Poco a poco, Crespo se olvidó del artículo de Antonio Burgos y quedó magnetizado por la brillante puesta en escena que suponía un Vía Crucis en el magno escenario levantado por la dinastía Flavia. Espectacular, sobre todo, cuando el realizador “pinchaba” el plano cenital del Coliseo que le enviaba un helicóptero desde unos ochenta metros de altura.

De pronto, un súbito relámpago iluminó por completo el cerebro del profesor de Historia y especialista en las profecías de San Malaquías, seguido de un seísmo que desestructuró su mente e introdujo la zozobra en todas las cañerías de su sistema nervioso.

¡Estaba claro! ¡No había duda alguna! El misterio que le apasionaba desde hacía meses, el rompecabezas que le volvía loco, se lo acababan de resolver las imágenes que La 2 de TVE emitía desde la Ciudad Eterna.

Obnuntio”… Anuncio malas noticias.

Crucifixio”… El “Vía Crucis” simbolizaba el recordatorio de la muerte y crucifixión de Cristo.

Multitudo”… Una multitud de casi cincuenta mil personas en el Coliseo y sus alrededores.

Luces”… La mayoría de los asistentes portaban antorchas, faroles o velas. La traducción literal de lux, lucis es “antorcha”.

Quartadecima”… La última estación del Vía Crucis, la décimo cuarta.

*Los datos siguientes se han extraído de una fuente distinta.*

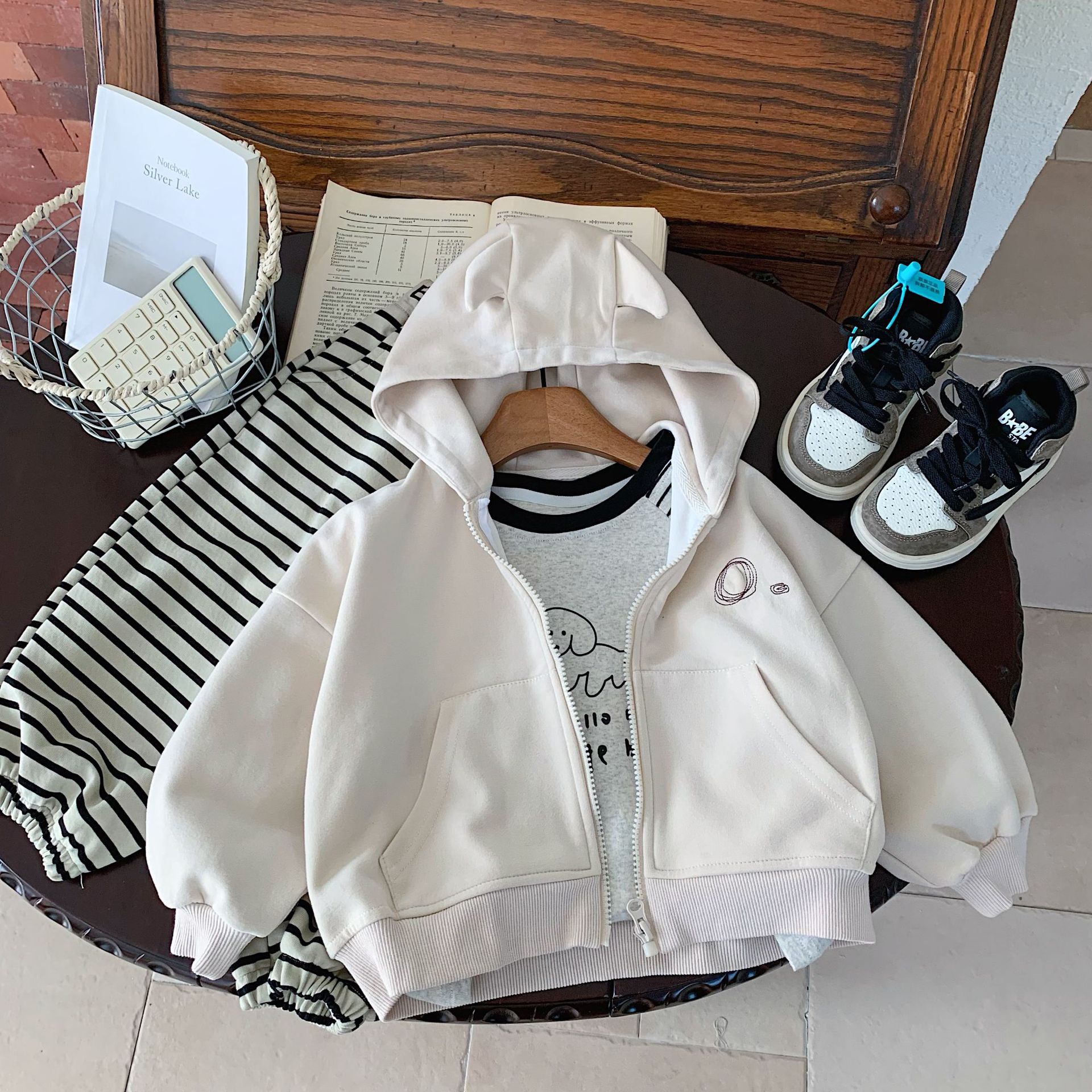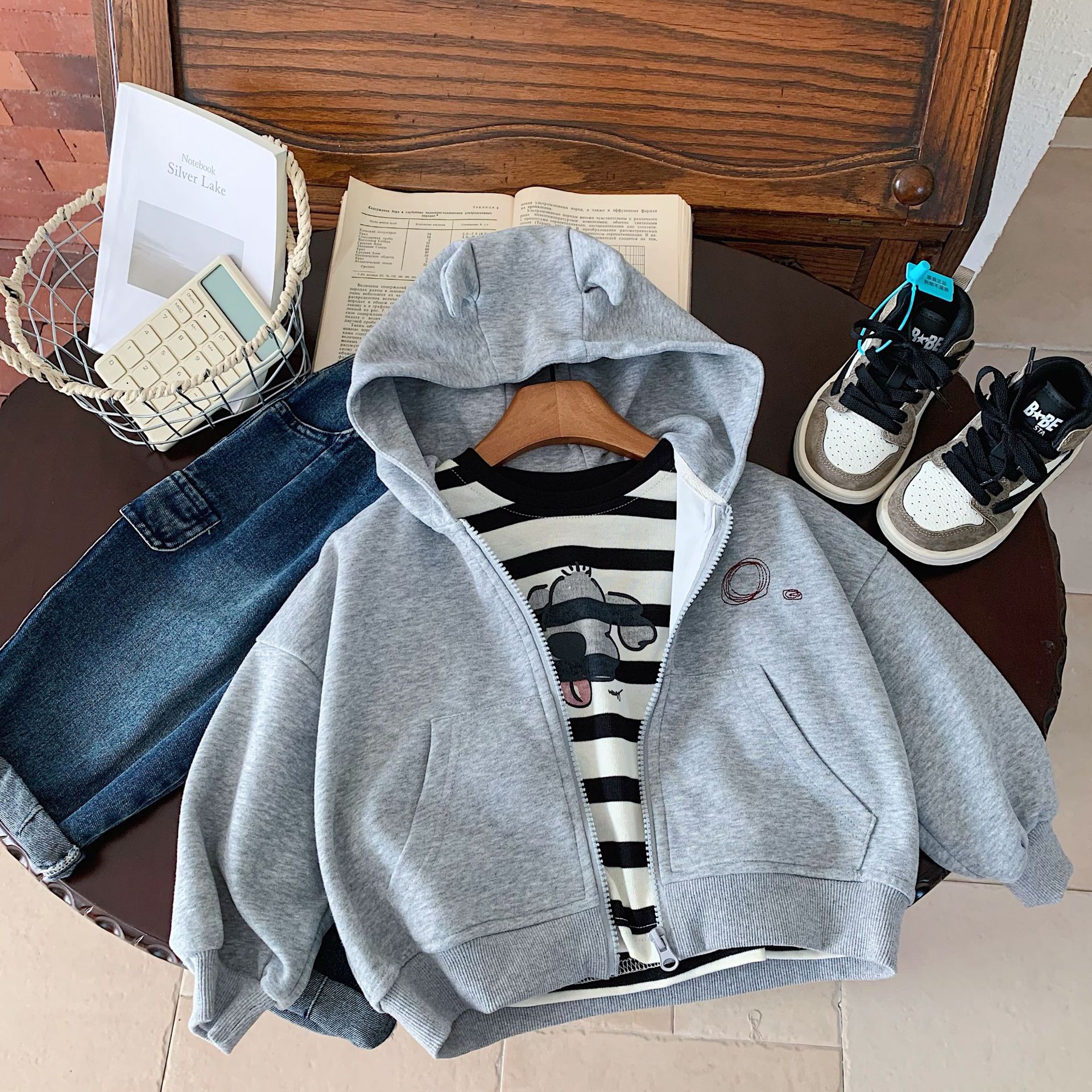 어린이 코트 Bangcheng 2025 가을 신상품 남아 자수 후드 가디건 코트 한국 스타일 부드럽고 트렌디한 G0352스토어 가기
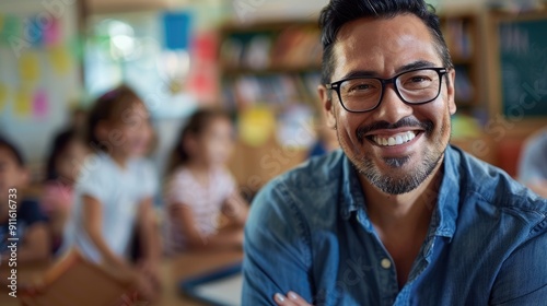 teacher, school, elementary, portrait, man, happy, young, classroom, class, job, career, occupation, childhood, learning, pupil, adult, profession, high, lesson, academic, smiling, childcare center, background, cognition, board, cheerful, secondary, white, male, prof, photogenic, caucasian, middle-aged, latin, goggles, educational, desk, pretty, development, blurred, classmate, learn, schoolchild, sitting, teaching, smile, children, children, education
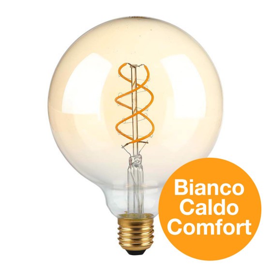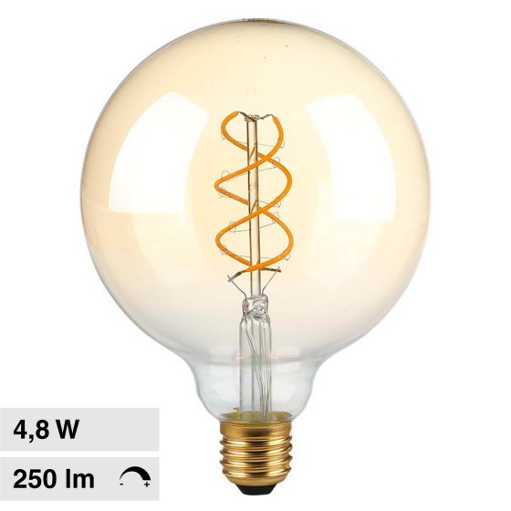 Lampadina LED da 4,8W con attacco E27 e tecnologia LED Filament. Forma a Globo G125 in vetro e copertura ambrata per un effetto vintage. Fascio luminoso di 300° e flusso luminoso di 250 lm. Rapporto di 52 lm/W. Dimmerabile. Luce Bianca Calda 1800K.
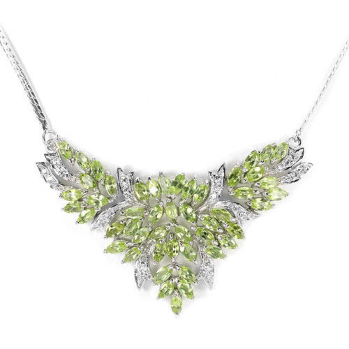 NATURAL APPLE GREEN PERIDOT & WHITE CZ 925SILVER NECKLACE 14K WHITE GOLD COATING; LENGTH OF ITEM (Inch.)17.50 ;ITEM QUANTITY1STONE SHAPEMARQUISESTONE DIMENSION5 X 2.5 MM.ITEM WEIGHT16.9 GRAMCOLORAPPLE GREENCLARITYIF - VVSLUSTERDAZZLINGTREATMENTUNHEATEDORIGIN OF STONEASIAHARDNESS6.5WHITE CUBIC ZIRCONIA 1.5 MM.
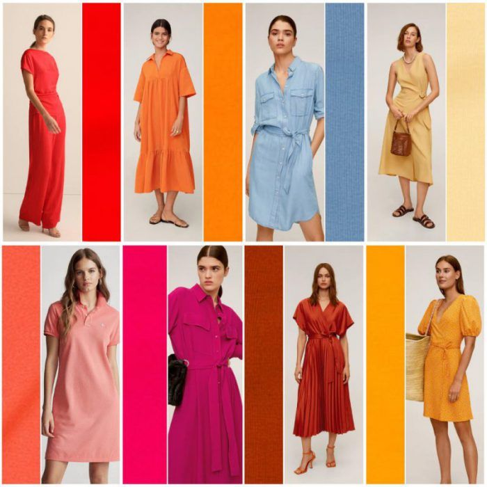 Sí bien nos extenderemos en este tema en nuestro especial Colores de moda primavera verano 2021, por lo pronto podemos adelantar una paleta cromática prominente, que sin olvidar neutros y los infaltables blanco y negro, navega ampliamente en la gama de los verdes, incorpora intensos amarillos, variantes del rosa, naranjas, vibrantes rojos, y llega a la gama de los azules desde el azul noche pasando por el denim hasta el celeste claro, el púrpura encuentra lugar, y el lila aparece en escena como uno de los candidatos a favoritos de la moda del verano 2021. Delicadas versiones pasteles hacen también su aporte. Tonos neón al igual que los dorados buscan espacio en los acentos tanto en indumentaria como en calzado y accesorios
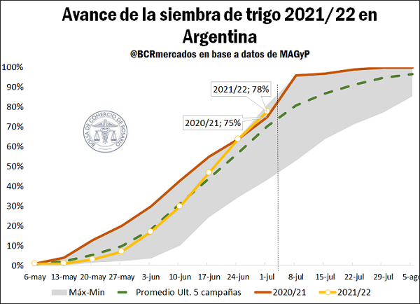 Por otra parte, es importante destacar el aceleramiento en las labores de siembra del trigo 2021/22. Luego de superar, a mediados de junio, el promedio de los últimos años respecto al porcentaje relativo del área estimada a sembrar, el avance de siembra de la campaña 2021/22 de la semana pasada se puso a la altura del año comercial anterior. Mientras que el último dato registrado al 1° de julio muestra un avance de siembra que ya supera el 78 % del área objetivo de casi 7 M ha, es mayor al nivel de siembra del año anterior, que además proyectaba un área objetivo de menor extensión, en torno a las 6,73 M ha según el Ministerio de Agricultura, Ganadería y Pesca (MAGyP).
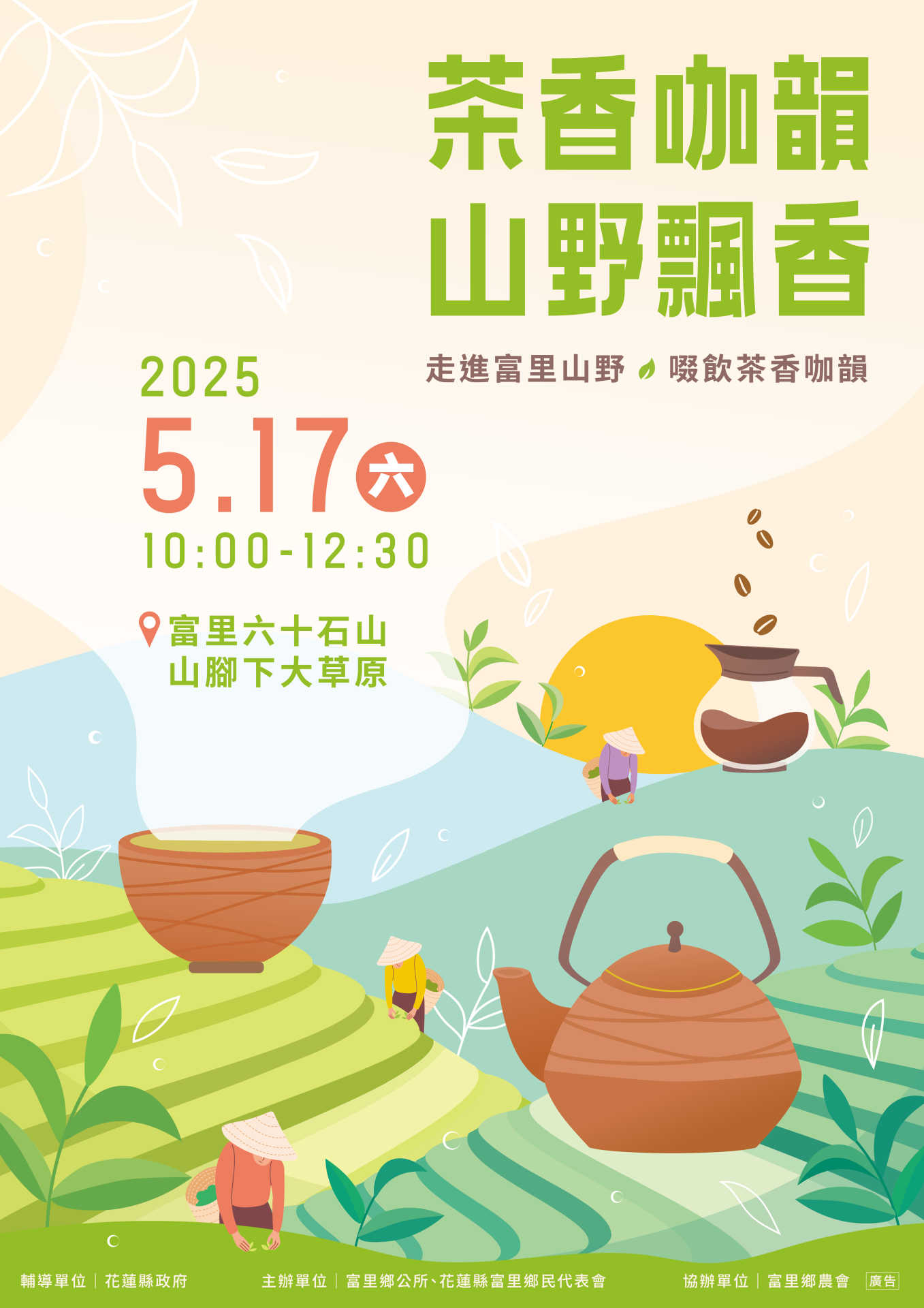 一、活動資訊: (一)時間:2025年5月17日(星期六)上午10時至下午12時30分。 (二)地點:富里六十石山山腳下大草原(台九線293K往六十石山入口進入,直行約900公尺處)。 (三)活動內容:茶與咖啡品飲、音樂演出、風味點心。 (四)費用:全程免費(品飲與點心數量有限,送完為止,無需報名)。 二、旨活動內容逕上花蓮縣富里鄉公所臉書粉絲專頁(富里鄉公所)。

Y el misterio de las cuatro “oes” trazadas por la agónica mano de San Malaquías, cada una con un diámetro diferente, de menor a mayor, se resolvió cuando el realizador “pinchó” de nuevo el plano cenital del Coliseo: las gradas del espectacular monumento forman círculos concéntricos de menor a mayor.

—¡Dios Santo! —exclamó el profesor tremendamente excitado y nervioso al tiempo que se abalanzaba sobre el móvil situado en la mesita de centro.

3

El teléfono sonó siete veces en algún lugar del interior del amplio apartamento pero Claudia Patricia, absorta ante el televisor de plasma, no le prestó ninguna atención. La galerista, temiendo no encontrar un buen sitio en el Coliseo, había optado por seguir el Vía Crucis a través de la retransmisión que efectuaba la RAI.

Dan Foster sí lo oyó pero prefirió no comentarle nada al verla tan concentrada en la pantalla.

El escritor español había llegado a Roma la tarde anterior, hacia las ocho, con tiempo suficiente de instalarse en el hotel Majestic antes de acudir a una cena con Steven Palmer en “San Benedetto”, un restaurante próximo a Via Veneto. En la citada cena, el vicesecretario de Estado del Vaticano le entregaría documentos relativos a los autores e inductores de los tres intentos de asesinar al Papa. Durante la comida pactarían qué parte de dichos documentos podría utilizar y, aunque no iba a ser una conversación fácil, confiaba en llegar a un buen acuerdo con el monseñor del Opus Dei.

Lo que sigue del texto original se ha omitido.